Wilkins was upset to learn that the female “assistant,” who he had expected would be working for him, was instead a formidable researcher in her own right. In this tense atmosphere, Franklin continued working to refine her X-ray images, using finer DNA fibers and arranging them differently for her chromatography, but she began to fear she had made a mistake in leaving Paris. Wilkins, also uncomfortable, began to spend more time at nearby Cavendish Laboratory with his friend Francis Crick. Crick and his partner, James Watson, were working on a model-based approach to trying to discover the structure of the DNA molecule.

Around this time, Franklin and Gosling made a startling discovery. There were two forms of DNA shown in the X-ray images, a dry “A” form and a wetter “B” form. Because each X-ray chromatograph had to be exposed for over 100 hours to form an image, and the drier “A” form seemed likelier to produce images in more detail, Franklin set aside the “B” form to study later. She noted that the “B” form images appeared to show a definite helical structure and that there were two clear strands visible in the image she labeled Photo 51 before she filed it away.

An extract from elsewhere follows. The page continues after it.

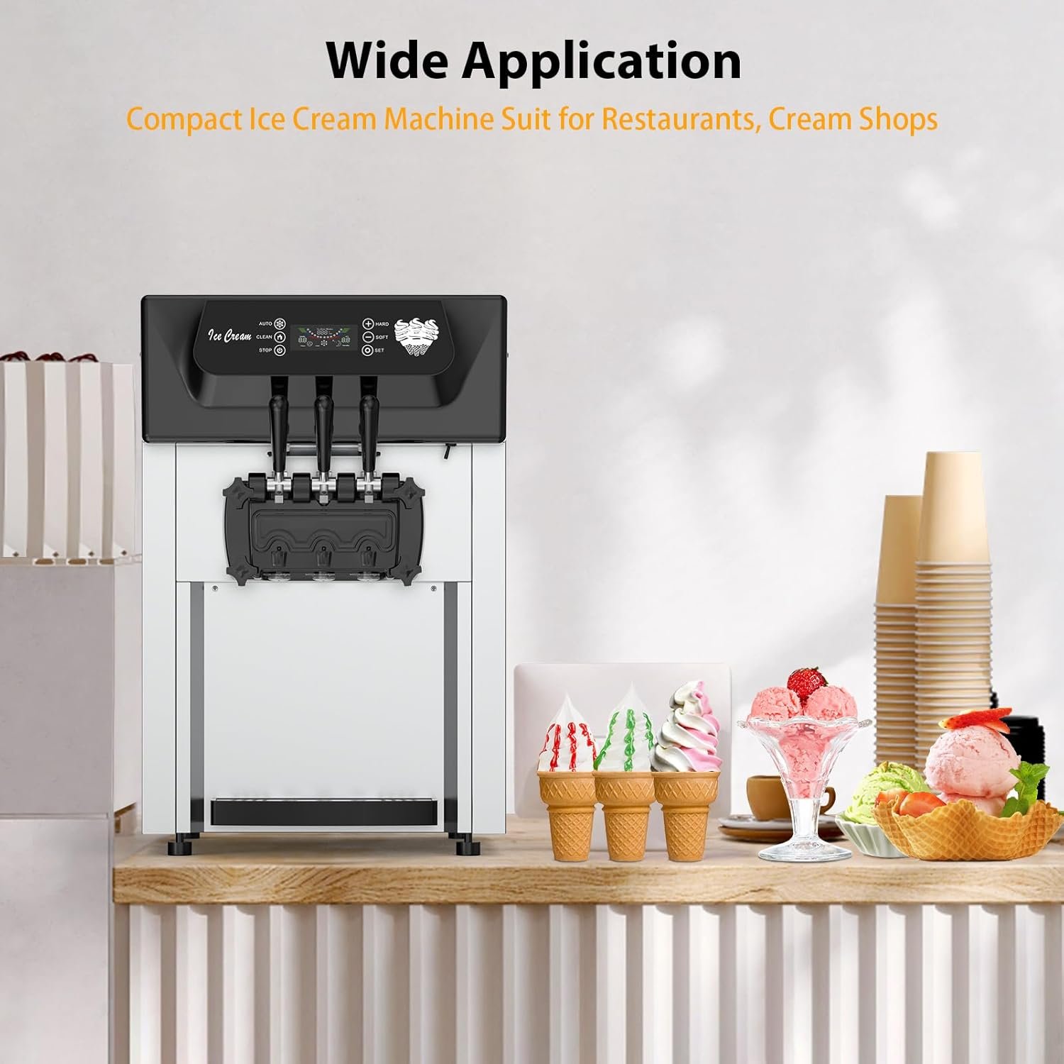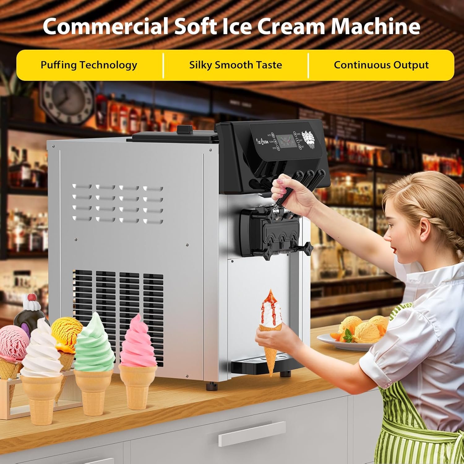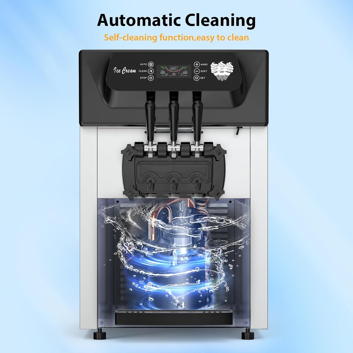 The PioneerWorks Commercial Ice Cream Maker delivers 5.3 to 7.4 gallons per hour, perfect for high-demand situations. Create 3 flavors at once and enjoy a robust 2200W compressor for rapid cooling. With a user-friendly LCD control, serving delicious treats has never been easier!

Around this time, Franklin attended a conference given at Cavendish to observe an early DNA model being proposed by Watson and Crick. She was quite critical of their work, feeling that they were basing their model solely on conjecture whereas her own work was based on solid evidence.

Her treatment of his friends widened the gap between her and Wilkins, leading to an even more strained relationship at King’s College. Franklin was so unhappy that people in the lab began to talk behind her back calling her the “Dark Lady.” In 1953, she decided to move to Birkbeck College to escape King’s. Somehow, during the move, Wilkins came to be in possession of Franklin’s notes and the files containing Photo 51. Wilkins removed the photo from her records without her knowledge or permission and took it to show his friends at Cavendish. [Related: 'Lost' Letters Reveal Twists in Discovery of Double Helix]

“My mouth fell open and my pulse began to race,” wrote Watson in his famous book, "The Double Helix." It was the one bit of information that he and Crick needed to complete an accurate model of the structure of DNA. Photo 51 was proof that DNA’s helical structure had two strands attached in the middle by the phosphate bases. They hurried to publish their findings in the journal Nature. The same issue of the journal published much shorter articles by Wilkins and Franklin, but placed them after the longer article by James Watson, seeming to imply that their work merely served to confirm the important discovery made by Watson and Crick rather than being integral to it.

Franklin, meanwhile, had moved on to Birkbeck. Part of the arrangement that allowed her to leave King’s was that she would not pursue any research on DNA, so she turned her talents to studying virus particles. Between 1953 and 1958, she made important discoveries about the tobacco mosaic virus and polio. The work done by Franklin and the other scientists at Birkbeck during this time laid the foundation of modern virology.

Franklin died on April 16, 1958, of ovarian cancer, possibly caused by her extensive exposure to radiation while doing X-ray crystallography work. Because the Nobel Prize can only be shared among three living scientists, Franklin’s work was barely mentioned when it was awarded to Watson, Crick and Wilkins in 1962. By the time "The Double Helix" was written in 1968, Franklin was portrayed almost as a villain in the book. Watson describes her as a “belligerent, emotional woman unable to interpret her own data.”

It is only in the past decade that Franklin’s contribution has been acknowledged and honored. Today there are many new facilities, scholarships and research grants especially those for women, being named in her honor.